3) In the data, the fluctuation of the liquid level in each pouring time is within +/-3 mm, the sample is kept for about 8 minutes and is taken as a normal sample, and the rest samples are fluctuation samples; mixing the fluctuation sample with the normal sample, and according to the training set: test set =3:1, dividing a training set and a test set in proportion, and respectively extracting time domain characteristics of continuously variable of the training set and the test set: mean, root mean square value, peak-to-peak value, kurtosis, skewness, peak factor, kurtosis factor, margin factor, form factor, impulse factor, and frequency domain characteristics: the maximum amplitude frequency, the power spectrum sum, the power spectrum mean, the power spectrum variance, the power spectrum skewness, the power spectrum kurtosis and the power spectrum relative peak value are 17 characteristic factors, and missing values are deleted from the obtained characteristic samples to obtain the data dimension of a training set and the data dimension of the test set; as shown in table 1 below:
TABLE 1 training set data dimension and the test set data dimension
Figure BDA0003789205170000071
4) The data reduction and the cluster analysis are carried out,
as can be seen from table 1, there are 175 training set data dimensions and 175 test set data dimensions, which are higher, so that the dimensionality reduction is considered, and therefore, the dimensionality reduction needs to be performed;
respectively training set data dimensions and the test set data dimensions, applying different kernel functions to carry out principal component dimensionality reduction, classifying the data sets, selecting a clustering algorithm in machine learning to model the samples, evaluating the quality of a clustering model by using the recall ratio and precision ratio of normal samples, and preferably selecting the optimal dimensionality reduction kernel function;
wherein the principal component analysis is adapted to a linear dimensionality reduction of the data. And the kernel principal component analysis can realize the nonlinear dimensionality reduction of data and is used for processing a linear inseparable data set. The general idea of the kernel principal component analysis is as follows: for the matrix X in the input space, firstly, a nonlinear mapping is used to map all samples in X to a high-dimensional or even infinite-dimensional space, so that the matrix X is linearly separable, and then principal component dimensionality reduction is carried out in the high-dimensional space. Thus, the kernel functions provided by this example include, but are not limited to, a Linear kernel, a Poly kernel, an RBF kernel, a Sigmoid kernel, a Cosine kernel; the number of main components extracted by different kernel functions is shown in table 2:
TABLE 2 number of principal Components extracted by different Kernel functions
Figure BDA0003789205170000081
It should be understood that clustering algorithms include, but are not limited to: a Gaussian mixture model, a K-Means model, a variational Bayesian mixture model and a hierarchical clustering model;
when the data has a plurality of classes and is expected to be divided into some clusters, samples in different clusters can be assumed to respectively follow different Gaussian distributions, and the obtained clustering algorithm is called a Gaussian mixture model. The core idea of the gaussian mixture model is to assume that the data can be seen as generated from a plurality of gaussian distributions. Under this assumption, each individual partial model is a standard gaussian model, whose mean and variance are the parameters to be estimated. In addition, each partial model has a parameter, which can be understood as a weight or a probability of generating data. The parameters of the gaussian mixture model are typically solved using the EM algorithm.
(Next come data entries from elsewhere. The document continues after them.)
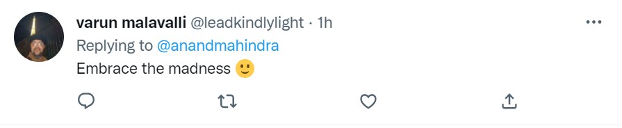 While sharing the picture, Mr Mahindra wrote a motivating caption that says, ‘You may be able to go in to work on Mondays with a smile on your face if you acknowledge inside yourself that the world's a madhouse & we're all a bit crazy. Just make sure you try to be ‘crazy good' at what you do…!'
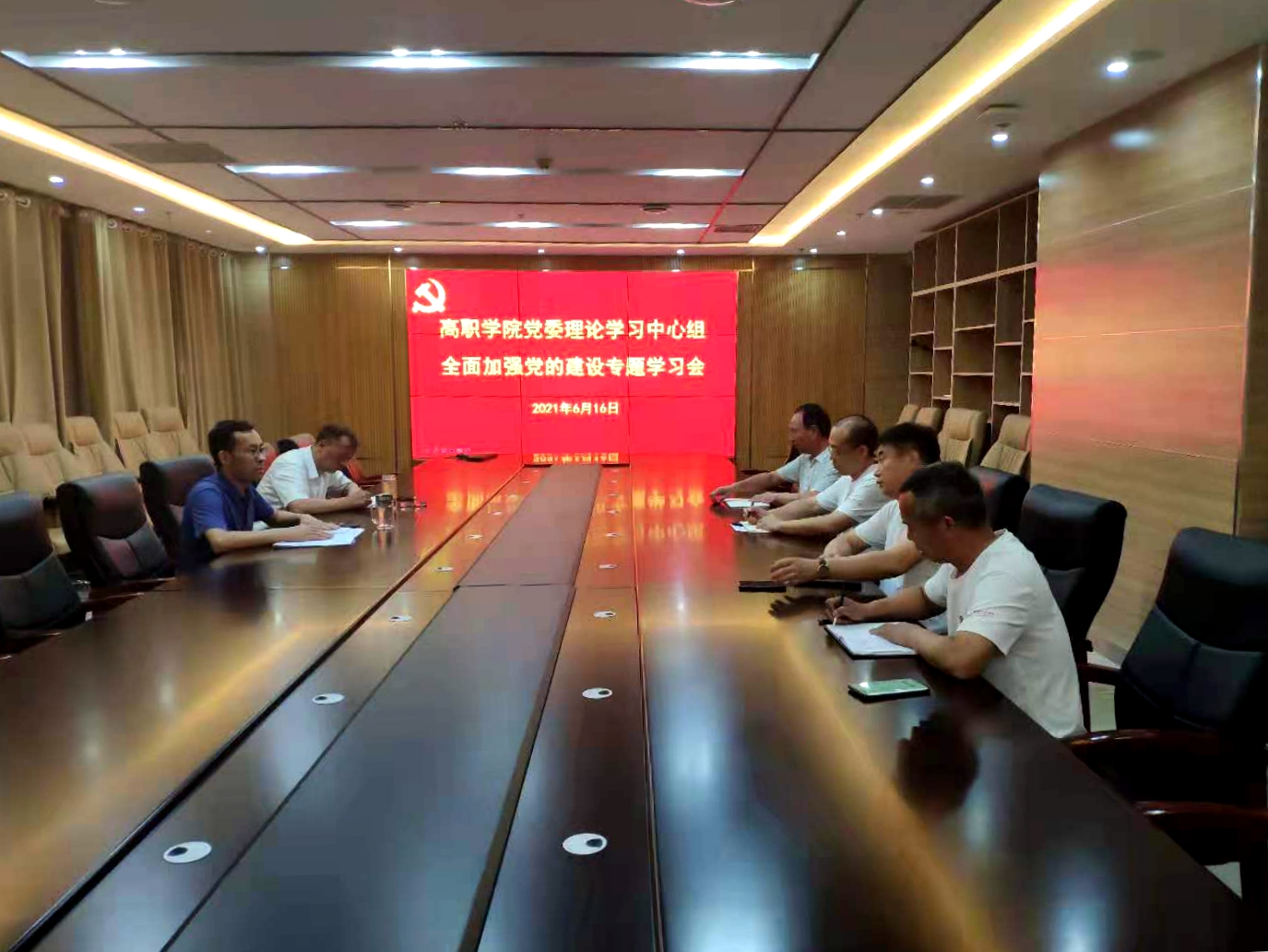 6月16日晚,高职学院党委理论学习中心组在综合楼十楼会议室举行全面加强党的建设专题集中学习会,学院全体领导班子成员参加学习。学习会由党委书记王吉田主持。
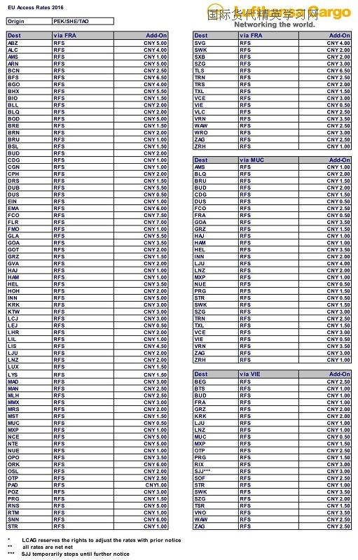 附:LH漢莎航空 中轉(zhuǎn)點-轉(zhuǎn)運費一覽表
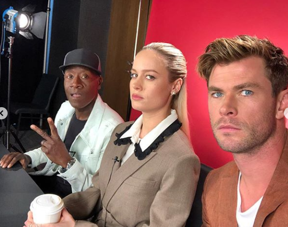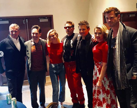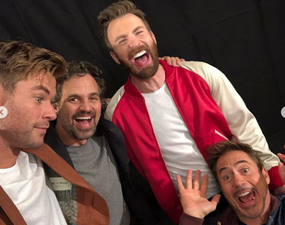사진 속 헴스워스는 로버트 다우니 주니어, 마크 러팔로, 크리스 에반스와 함께 카메라를 보며 유쾌한 표정을 짓고 있다. 이외에 브리 라슨, 스칼렛 요한슨, ,폴 러드, 돈 치들, 조 루소 감독의 모습도 담겼다.
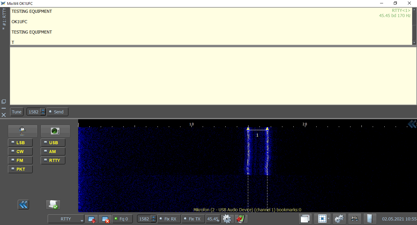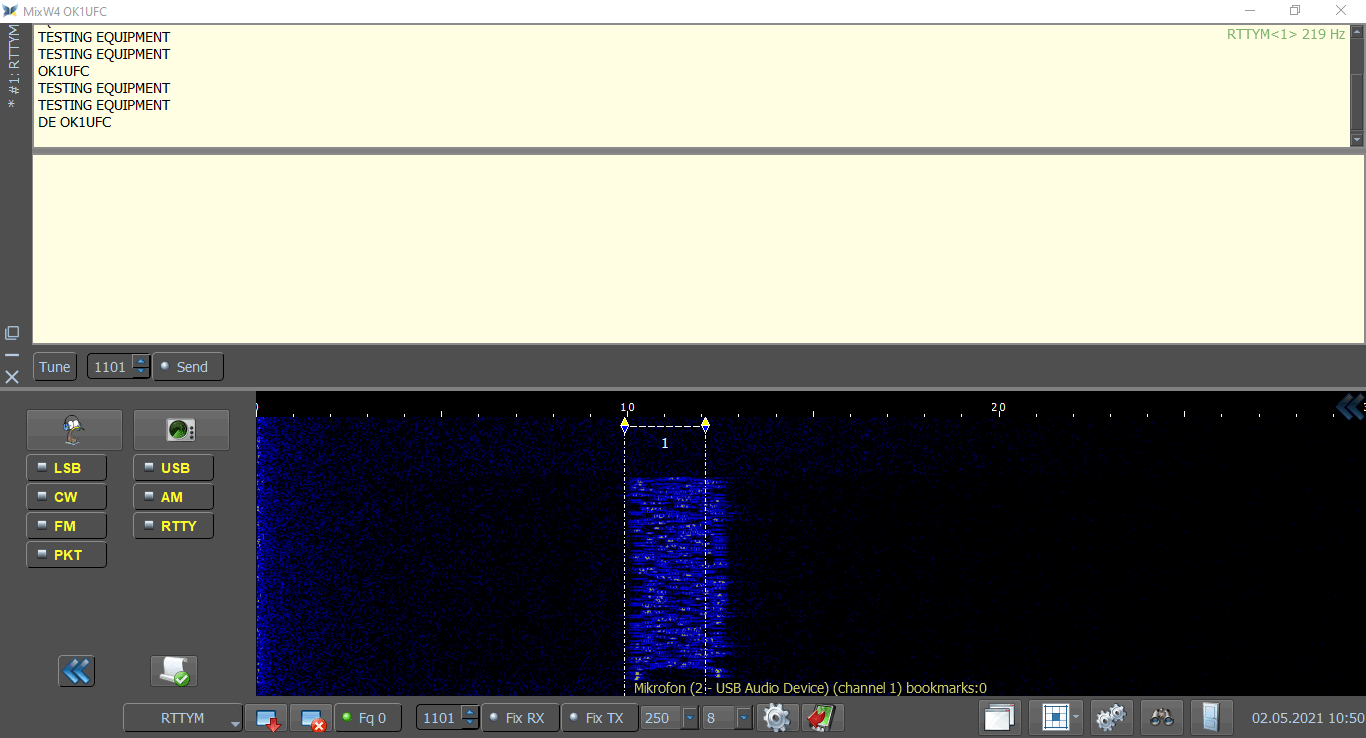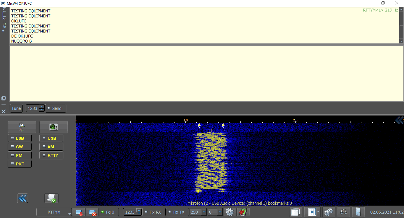 s úplně slaboučkým signálem, na ten dojde, až se něco naučíme. Takže jsem vyzkoušel, mimo standardního RTTY rovněž RTTYM,
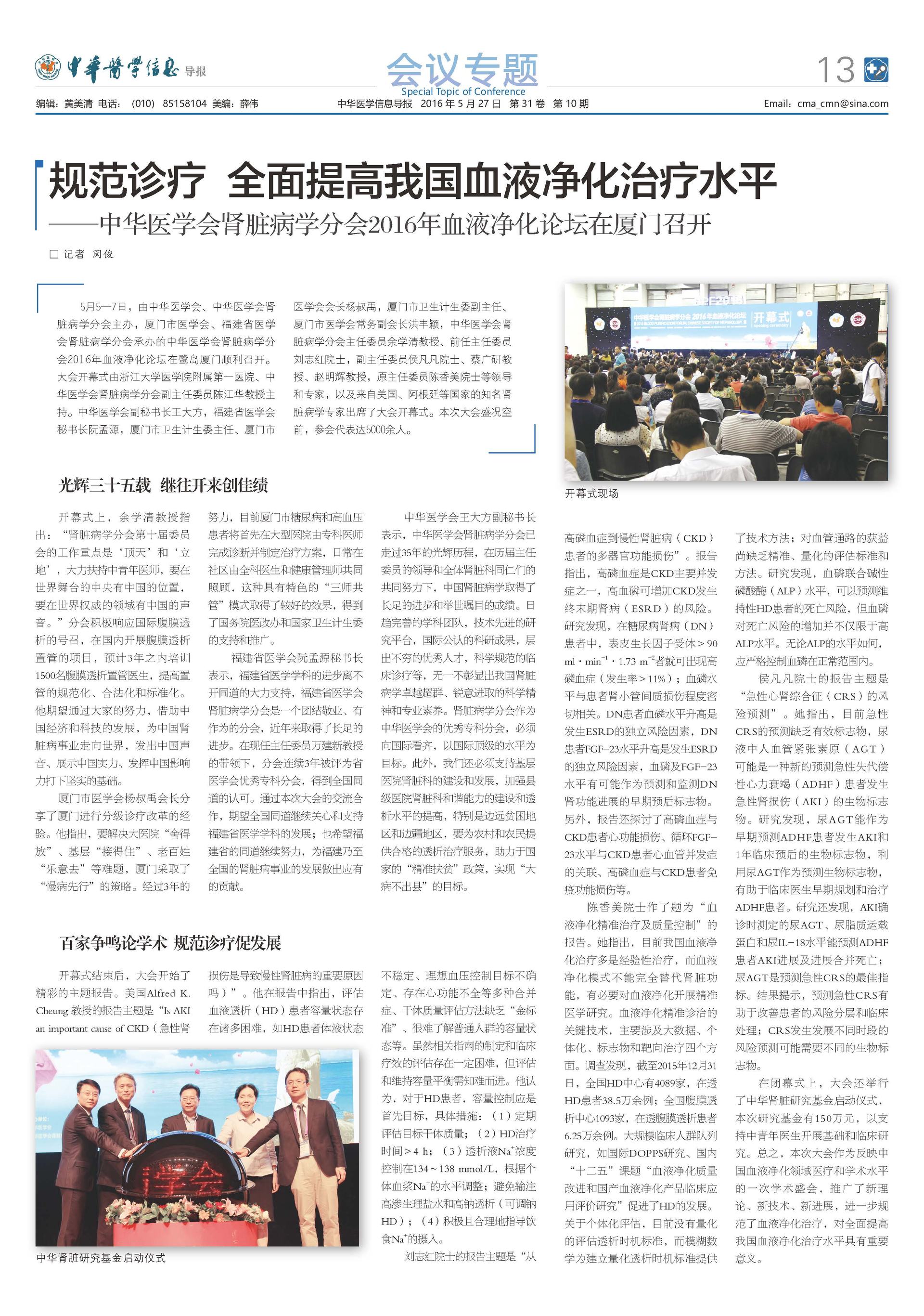 2016中华医学会肾脏病学分会血液净化论坛
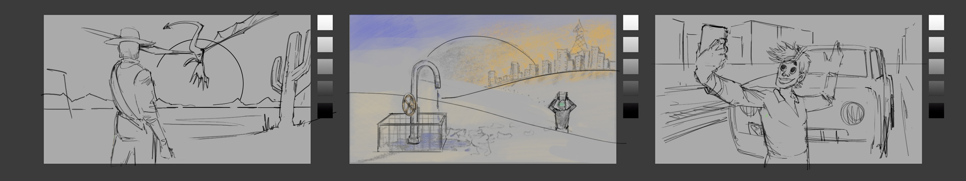 Ich finde, dass das Bild des Cowboy auf dem ersten Board die interessanteste Erzählung ist. Die Mischung aus Western und Fantasie ist in der Fiktion ziemlich selten. Der Rat, den ich Ihnen geben würde, ist, die Größe der verschiedenen Elemente zu überprüfen: Da der Drachen, der das Pferd entfernt, das narrative Zentrum der Aktion ist, ist der Cowboy genau die Sichtweise, und es lohnt sich, den Drachen zu vergrößern und die Größe des menschlichen Charakters zu reduzieren, dass man in vollem Umfang oder fast zeigen kann, dass es sich um die Möglichkeit handelt. Ich habe auch den Kaktus nebenbei verschoben: Es gibt eine Vorstellung vom Klima, aber es ist kein zentrales Element der Geschichte.

The variational Bayes Gaussian mixture model is a variant of the Gaussian mixture model with a variational inference algorithm, can avoid the singularity which is usually generated in the expectation maximization EM algorithm, but can bring tiny deviation to the model.
K-Means is a clustering algorithm based on Euclidean distance, which considers that the closer the two targets are, the greater the similarity. The method comprises the steps of dividing data into K groups, randomly selecting K objects as initial clustering centers, calculating the distance between each object and each seed clustering center, and allocating each object to the nearest clustering center. The cluster center is recalculated for each sample assigned based on the existing objects in the cluster. This process is repeated until it is satisfied that none (or a minimum number) of objects are reassigned to a different cluster, or that none (or a minimum number) of cluster centers are changed again, and that the sum of squared errors is locally minimal.
The hierarchical clustering model is as follows: hierarchical clustering assumes a hierarchical structure between categories, clustering samples into hierarchical classes. Hierarchical clustering has two methods, aggregation and splitting. Clustering and clustering divide each sample into one class, calculate the distance between every two samples, combine the two classes with the shortest distance into a new class, at the moment, calculate the distance between the new class and other classes, select the two classes with the shortest distance from all the distances to combine, and repeat the operation until the stop condition is met. Aggregated clustering may also be referred to as bottom-up clustering. Splitting the cluster divides all classes into one class and then divides the two most distant classes into two new classes, and repeating the operation until a stop condition is satisfied. Split clustering is also known as top-down clustering.
Considering that the fluctuation samples are label-free samples, a clustering algorithm in machine learning is selected to model the samples, and the purpose of distinguishing different types of liquid level fluctuation is achieved.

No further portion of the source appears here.